双方に沈黙が走った。俺も手の平に溜め込んだ。ありったけの出力を加えるつもりだ。これで駄目なら俺は死ぬだろう。だが俺は諦めてはいない。最後の希望が尽きるまで踏ん張るんだ。
「では……さようなら。英雄風情君」
四天王の一人の言葉を皮切りに俺はくると思った。
「うおおおおお!」
俺は武者震いを誤魔化すように声を出した。それはもう喉が裂けるくらいに。
「ふん」
その瞬間だった。四天王の一人の人差し指から細い光線が放たれたのは。
一方の俺はギリギリまで待った。あの細い光線を呑み込むだけの出力はギリギリじゃないと無理と悟ったからだ。
限界を極めた俺はすかさず手の平から細い光線を出した。これはきっとだが人差し指と手の平では出力の差があると思った。だから俺はそれに命を懸けた。

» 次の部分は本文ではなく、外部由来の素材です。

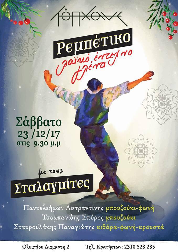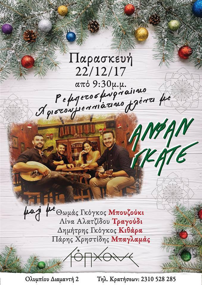 *Σάββατο 23 & Κυριακή 24 Δεκεμβρίου 2017. Έναρξη 21:30. Είσοδος: 12€ προπώληση / 15 ταμείο. Πληροφορίες/Κρατήσεις: 2310 252704 & 6988554828
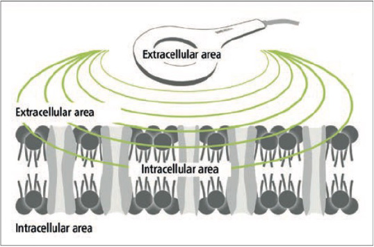 Bei der Elektroporation werden die Zellen einem kurzen, intensiven Feld (pro Puls) ausgesetzt. Dadurch öffnet sich die Zellmembran und es kommt zu einem Austausch von Wirkstoffen. Das ist möglich, da sich die Durchlässigkeit der Zellen, ihre Permeabilität, erhöht, was zu einem beschleunigten Heilungsprozeß führt (evidenzbasierte medizinische Wirkungsweise).

俺と四天王の一人の光線がぶつかり合った。拮抗している。ま、不味い。このままだと拮抗の末に消え失せてしまう。
「うおおおおお!」
俺は再び声を出した。今度は武者震いを誤魔化す為ではない。ただ気合いを入れたかった。だがそれが幸をそうしたのか。それとも相手が油断していたのか。分からないが敵の光線を押し返し始めた。
「なに!? くぅ! 油断したせいか! ここで負ける訳には!」
俺の全力がどんどん敵の光線を押し返していた。よし。これならいけるぞ。いくんだ。どこまでも。そして勝つんだ。だってこいつはお父さんの仇なのだから。
「俺の! 勝ちだぁあ!」
「ぐぅおおおおおお!?」
四天王の一人は叫んでいた。俺が虚ろ状態から気付いた時には四天王の一人はいなくなっていた。憶測だが逃げた可能性が高い。だがあれだけの出力だ。ただでは済んでいないだろう。
だがこれで分かった。俺には安息の地はないと。もしまたあのような奴らが襲撃にきたら俺は死ぬだろう。それどころか。仲間を危険に導き兼ねない。ぐぅ。これから俺はどうすればいいんだろうか。